Start the copy at the line containing "以上就是4/4节拍双吉他版的" and run it through the last line of the records. Repeat each line exactly; omit pictures.

(RECORDED DATA begins)

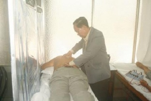 Lương y Trần Hữu Nam đang điều trị cho bệnh bị xương khớp.
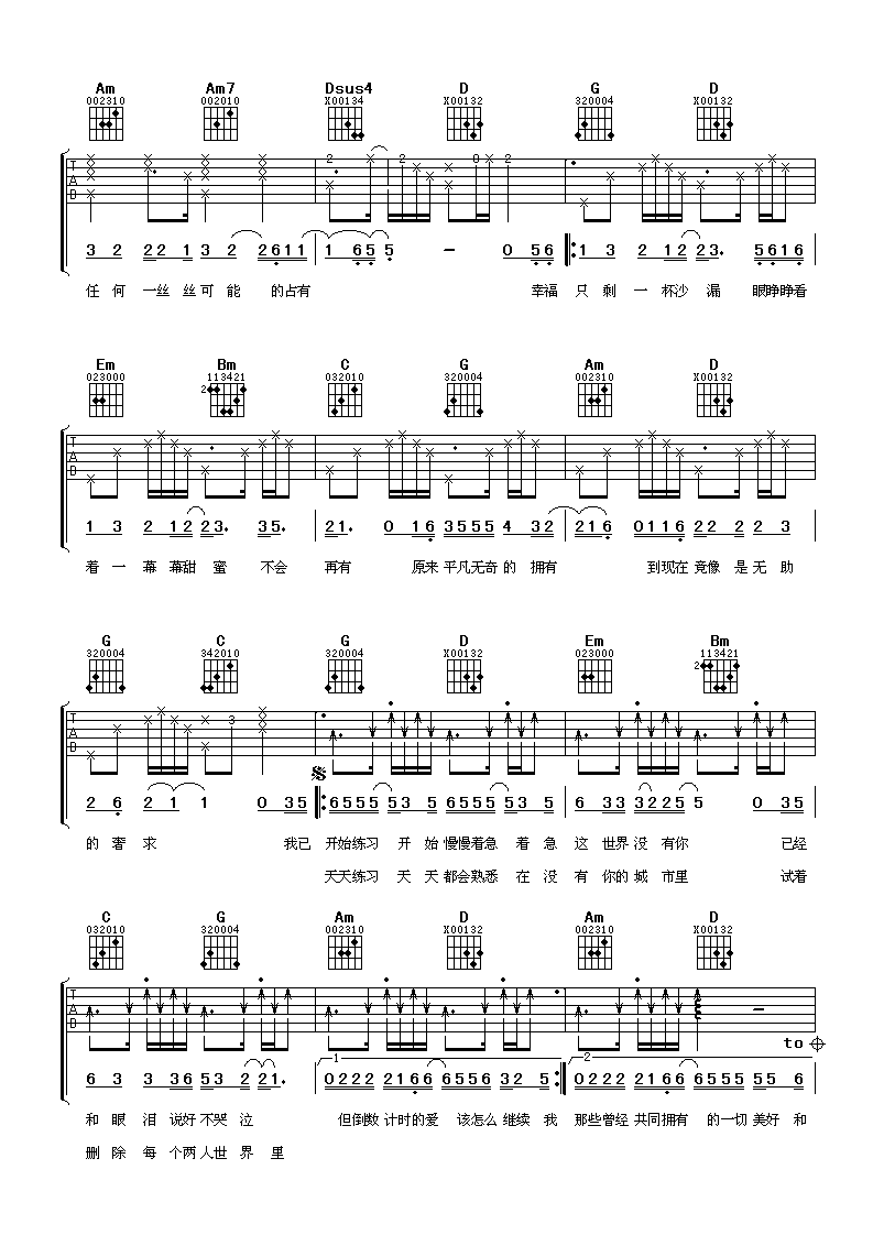 以上就是4/4节拍双吉他版的练习弹唱简谱完整内容,希望这个简单六线高清图片教学谱能帮到您,也希望您能收藏本站,这里每天源源不断更新各种简单入门曲谱。
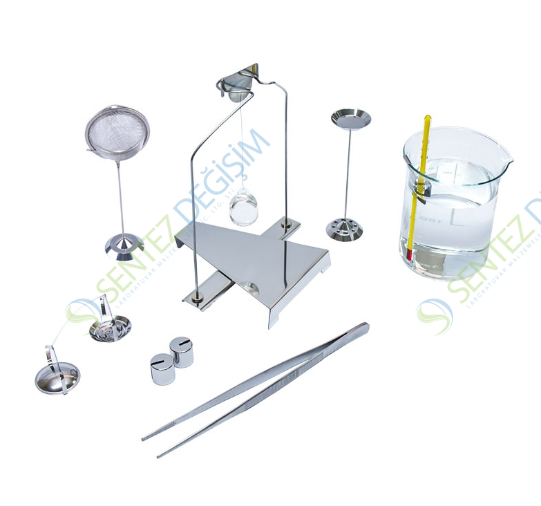 Katıların ve sıvıların yoğunluğunu belirlemek için yoğunluk belirleme kiti, ø85 ve ø100mm tartım kefesine sahip laboratuvar terazileri ile işbirliği için tasarlanmıştır.
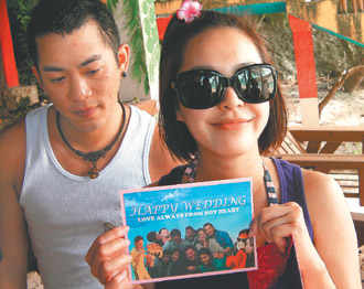 高山峰(后)未婚妻怀孕4个月,两人来关岛沾喜气。来源:台湾《联合报》
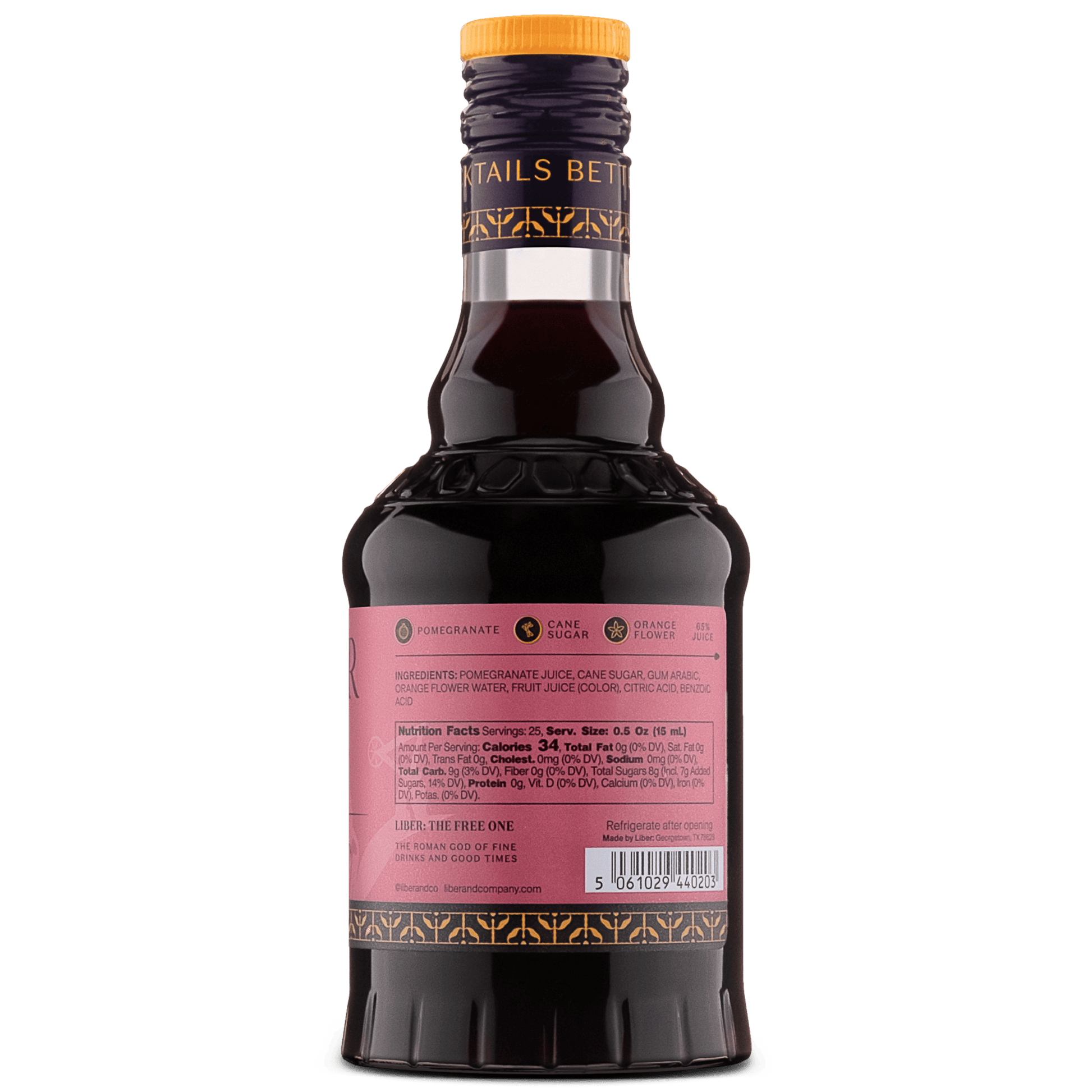Real Grenadine is authentic in its ingredients and unrivaled in its flavor, making it an ideal cocktail mixer. The process of cold-processing ripe pomegranates retains the fruit’s naturally fresh flavors and rich color which are essential for a perfect cocktail. Added to this mix are pure cane sugar and orange blossom water that provide this syrup with great balance and an elegant floral aroma.

(RECORDED DATA ends)

OUTPUT FOR THIS TASK:
 以上就是4/4节拍双吉他版的练习弹唱简谱完整内容,希望这个简单六线高清图片教学谱能帮到您,也希望您能收藏本站,这里每天源源不断更新各种简单入门曲谱。
 Katıların ve sıvıların yoğunluğunu belirlemek için yoğunluk belirleme kiti, ø85 ve ø100mm tartım kefesine sahip laboratuvar terazileri ile işbirliği için tasarlanmıştır.
 高山峰(后)未婚妻怀孕4个月,两人来关岛沾喜气。来源:台湾《联合报》
Real Grenadine is authentic in its ingredients and unrivaled in its flavor, making it an ideal cocktail mixer. The process of cold-processing ripe pomegranates retains the fruit’s naturally fresh flavors and rich color which are essential for a perfect cocktail. Added to this mix are pure cane sugar and orange blossom water that provide this syrup with great balance and an elegant floral aroma.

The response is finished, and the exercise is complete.